Oh God stick shift

Brake pad replacement with Friction Master Ceramic brake pads

Brake pad replacement with Friction Master Ceramic brake pads

My 1995 Cavalier passed inspection.  I yanked the tint off, redid the brakes, had a lot of body work done, changed tires… $600 of work plus some tires and other stuff in, it passes, and I got it registered.

I still want to put two new tires on the front, each being a Goodyear Assurance TripleTred all-season tire.  I nab these from Discount Tire Direct for $103 each, and have my mechanic mount and balance them for me for something like $15 a wheel.  Since we don’t have a real snow season here–unless you count 3 randomly placed days of light snow as a snow season–I have no economic justification for either the cost of snow tires or the time it takes to change the wheels; otherwise I’d use these or just some good summer tires and have a spare set of snow tires laying around, as a necessity.
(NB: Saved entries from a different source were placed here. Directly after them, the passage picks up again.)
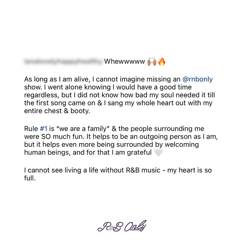 This focus on further developing our own brand identity for R&B ONLY LIVE shows while finding product market fit allowed us to imagine the possibility of selling tickets to R&B ONLY FEST without announcing well-known talent. I had never heard of a music festival taking this approach so the thought of being an example of change in an industry where people continuously follow trends was enticing.
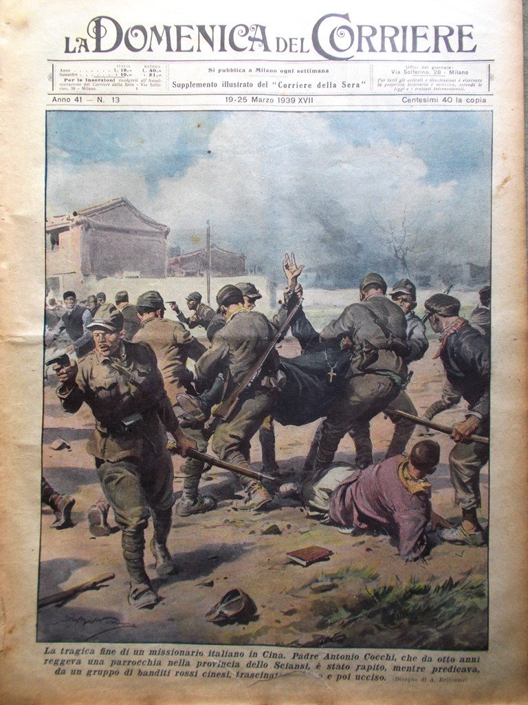 La tragica fine di un missionario italiano in Cina. Padre Antonio Cocchi, che da otto anni reggeva una parrocchia nella provincia dello Sciansi, è stato rapito, mentre predicava, da un gruppo di banditi rossi cinesi, trascinato lontano e poi ucciso (Achille Beltrame)
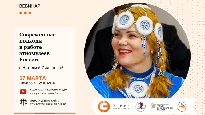 Информационный вебинар о современных подходах в работе этномузеев России. Его проведёт участник тематического хаба «Этномода и этномузеи» всероссийского проекта «ЭтНик: ресурсное сообщество», художественный руководитель Таймырского Дома народного творчества, руководитель проектной деятельности Союза хранителей этнокультурных традиций Таймыра Наталья СИДОРОВА. На вебинаре вы узнаете, какие бывают этномузеи, как создать свой этномузей с нуля, а также познакомитесь с актуальными законодательными актами и системой государственной поддержки данной сферы. Вебинар «Современные подходы в работе этномузеев России» состоится в рамках всероссийского проекта «ЭтНик: ресурсное сообщество», который разработан и реализуется Ресурсным центром в сфере национальных отношений в партнёрстве с Ассамблеей народов России при поддержке Фонда президентских грантов. #ЭтНикРесурсноеСообщество #РесурснаяСреда #РесурсныйЦентр #ЭтНик #РесурсноеСообщество #этнокультурныеНКО #ОткрытыйВебинар #национальныеотношения #этновыставка #этномузей #этнопроект
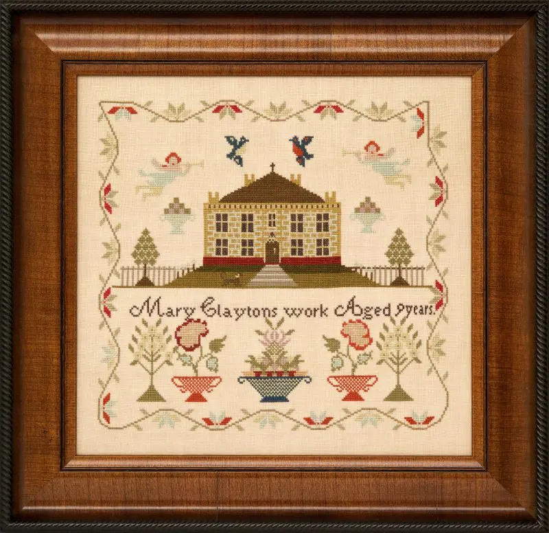This is a beautiful sampler, and no alphabet! Simple border, pretty brick house, and a linup of baskets and flowers at the bottom.
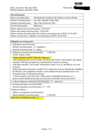 Priloha: Ukážka kvalitného oponentského posudku príslušnej katedry. Jazyková a grafická úprava predstavujú 10 bodov zo 40 možných, čiže tvoria až 25 % celkového hodnotenia
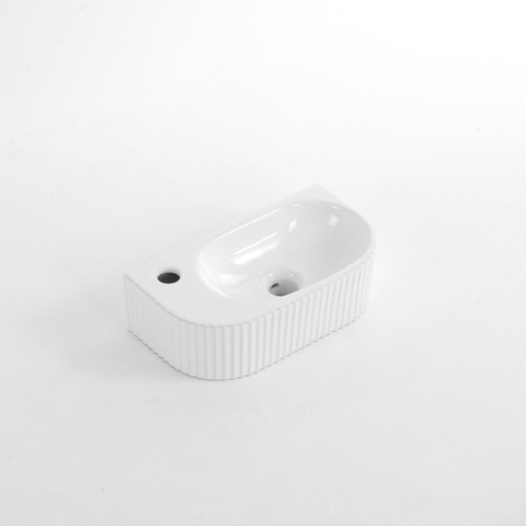 QeramiQ Blend Fontein - 40x22x12cm - ribbel - halfrond - kraangat links - keramiek - glans wit

The car could use a little more work still.  A plastic clip holding the inside door panel on needs replacement (it pulls away from the door easy, but isn’t falling off); it probably needs two new front CV joints ($70 each); I want to replace the front springs and struts; I want to have the brakes inspected and the alignment checked, because I seem to have caused an alignment issue doing brake work (plus replacing the CV axles will bump it out of alignment); and the inside could use a vacuum and cleaning with ArmorAll.  That seems to be everything wrong with the whole car, about $500 more work, if that.  I know it’s an old, valueless vehicle; but every system in there is in good shape and I just want to keep it running good and pass it off to someone else in a year or two.  Oh, and I want to paint it, probably $250 or so if I do most of the work myself and have a cheap Earl Schieb paint job done once I prime and tape it up.  What can I say?  I like to fix shit.

When I get on the highway, or Security, or whatever, I have to accelerate.  In my Cobalt (the automatic), this doesn’t quite work as well as you’d hope.  I throw the pedal to the floor, and it… does nothing.  A split second later it finally wakes up and revs to some 6000 or 6250 RPM; then after a small delay it downshifts, and acceleration finally begins.  Mind you, it stays at 6250 for several seconds, rolling up 40 or 50 MPH to my target speed.  The car responds slow, the engine overworks itself, the torque converter gets hot, and I’m pretty sure this is really freaking bad for my car.

The Cavalier is a completely different beast.  It’s a crappy car, with a weaker engine and worse acceleration.  I get to Security at some 10mph and I’m in second gear, and I flat out floor it to speed up.  And then the magic happens:  suddenly I’m going 50mph, the car’s rev’d up high but it went there smoothly, and I declutch and shift up while the engine slows down.  I never come quite that close to red lining it; rather than pinning the engine at the top of its power band, I ride it up through the RPMs as I accelerate, putting much less stress on the engine in the process.  And, of course, I get there much quicker.

A little shaky?  Yeah.  Hill starts are getting easier, but I stall once in a while and I’m a bit green in general.  I’ve ground third gear a little.  I slip the clutch too much– I have to get faster going into first, and ease into other gears smoothly.  Really though?  I like it.

~ by John Moser on May 5, 2009.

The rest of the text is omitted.